Premiums for insured-value-opinion coverage are affordable, in part because of the low default rate on small commercial loans nationwide. Typically, that rate is between 1 percent and 1.5 percent. This provides positive results for lenders and appraisers, as their conventional E&O premiums should

decline as the insured-value opinion gains acceptance in the marketplace. Through an insured-value policy, a lender may file a claim at several stages:

  • After the loan has been foreclosed upon;
  • When all efforts to collect any portion of the balance owed on a default loan have been exhausted;
  • When the lender has made every reasonable attempt to collect or mitigate the deficiency; and/or
  • When there is a written determination that the loan is “commercially uneconomic” to foreclose upon and the lender has charged off the loan.
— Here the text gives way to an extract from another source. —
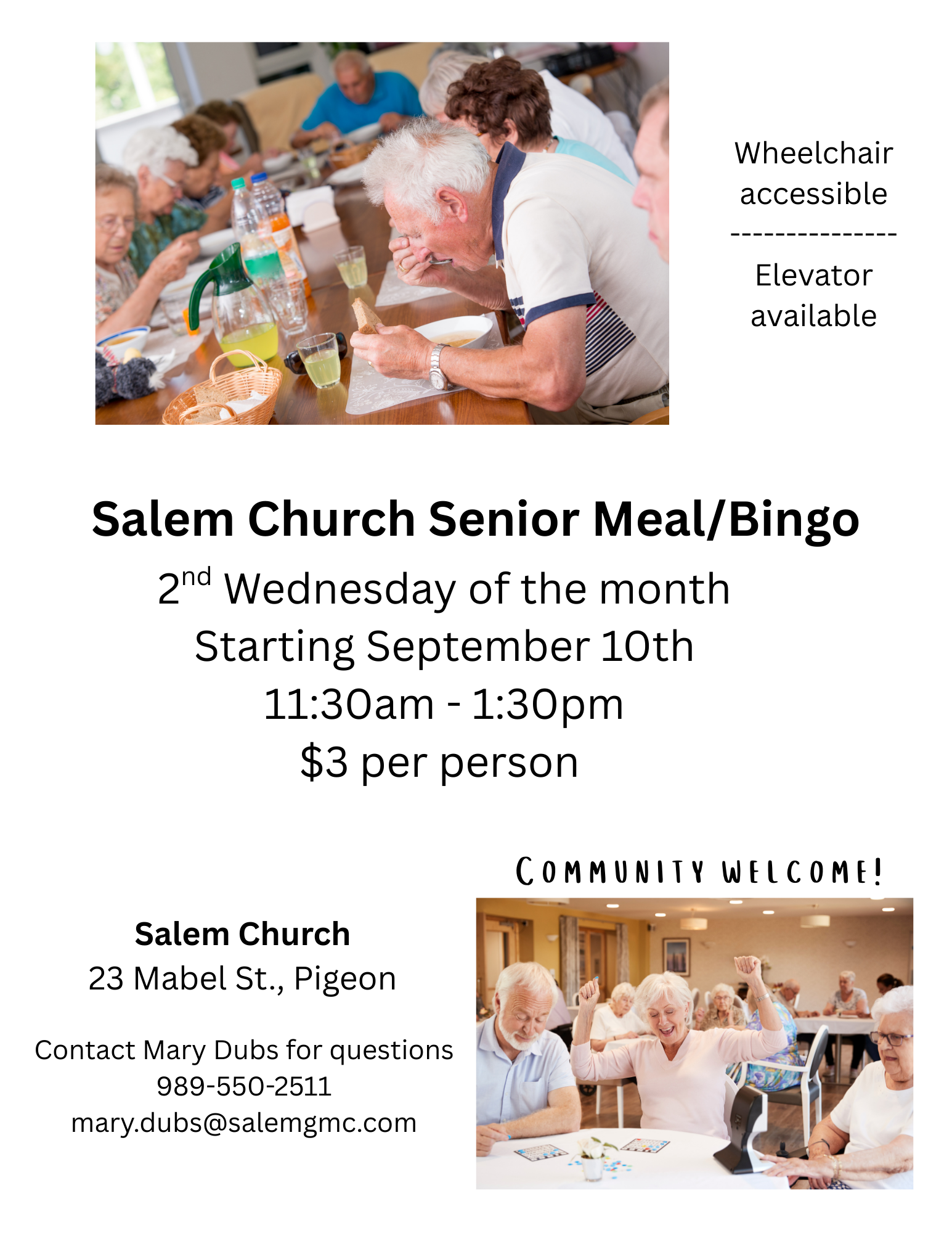 Held the second Wednesday of each month at Salem Church in Pigeon. Suggested donation of $3, but all are welcome.

The appraisal firm is expected to prepare an accurate appraisal/evaluation that complies to Uniform Standards of Professional Appraisal Practices (USPAP) and/or regulatory guidelines for evaluations as of the effective date of value and within a stated nominal percentage allowance or variance. If the valuation is not compliant, a lender may file a claim based on the nominal allowance or the difference between the original value opinion and the value established by a retrospective

appraisal, less the deductible — whichever is less. A claim also can be based on the lender’s actual financial loss, minus the nominal deductible, or by a set limit that the lender selects and pays for.

The lender must still obtain a retrospective appraisal of the property. The appraisal must reflect the same date of value and physical condition as on the original valuation. Additionally, the lender is required to submit proof of loss. The appraiser can dispute the claim or the retrospective appraisal.

There also are provisions for the selection of a mutually acceptable appraisal firm to perform a second retrospective appraisal. Unlike many E&O claims, the value opinion of the second retrospective appraisal is binding upon both parties. The insurance company must pay the appropriate claim within 30 days.

Insured-value opinions give small-business and small-property lenders the opportunity to reduce their risk greatly at a nominal cost. Another major benefit is the prescribed, simple means to process claims on eligible loans that have been foreclosed upon to regain considerable portions of financial losses. This kind of coverage is beneficial to the lender and the appraisal firm.